Reinforcement learning process runs in the following order.
- Using an existing neural network model and executing a specified number of self-play games.
- Adjusting the self-play games' results using GNUGo (optional).
- Executing neural network training using SGF files generated by self-play game process.
- Repeat from step-1 to step-3.
Reinforcement learning pipeline is defined in pipeline.sh.
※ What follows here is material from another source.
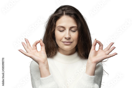 Woman pose lotus balance and harmony, relieves stress, transparent background, png, isolated.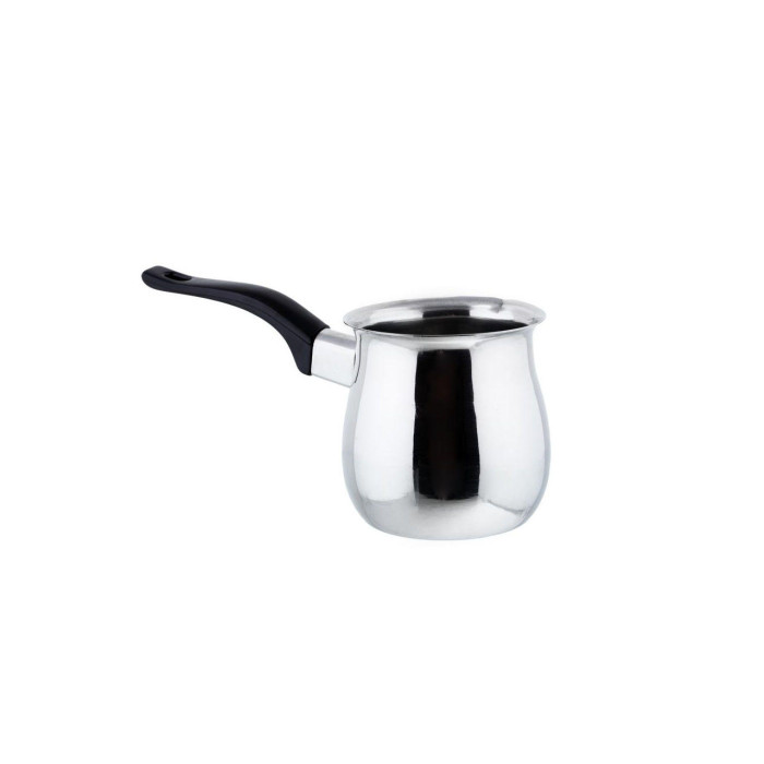 Турка Empire виготовлена ​​з високоякісної нержавіючої сталі, має відполіровану дзеркальну поверхню зі спеціальним покриттям, що дозволяє тривалий час зберігати блиск. Довга ручка з бакеліту не нагрівається і витримує досить великі температури, є отвір для підвішування. Можна мити в посудомийній машині.

Command line options for selfplay_main.py
Option | Description | Example of value | Default value | Note |
---|---|---|---|---|
--save-dir |
Directory path to save SGF files generated by self-play process. | save_dir | archive | |
--process |
The number of self-play workers. | 2 | NUM_SELF_PLAY_WORKERS | |
--num-data |
The number of self-play games generated. | 5000 | NUM_SELF_PLAY_GAMES | |
--size |
Go board size. | 9 | 9 | |
--use-gpu |
Flag to use a GPU. | true | true | Value is true of false. |
--visits |
The number of visits per move for self-play. | 100 | SELF_PLAY_VISITS | |
--model |
Path to a model file. | model/rl-model.bin | model/rl-model.bin |
Command line options for train.py
Option | Description | Example of value | Default value | Note |
---|---|---|---|---|
--kifu-dir |
Path to the directory contains SGF files. | /home/user/sgf_files | None | |
--size |
Go board size. | 5 | 9 | |
--use-gpu |
Flag to use a GPU. | true | true | Value is true or false. |
--rl |
Flag to execute reinforement learning | false | false | |
--window-size |
Window size for reinforcement learning | 500000 | 300000 |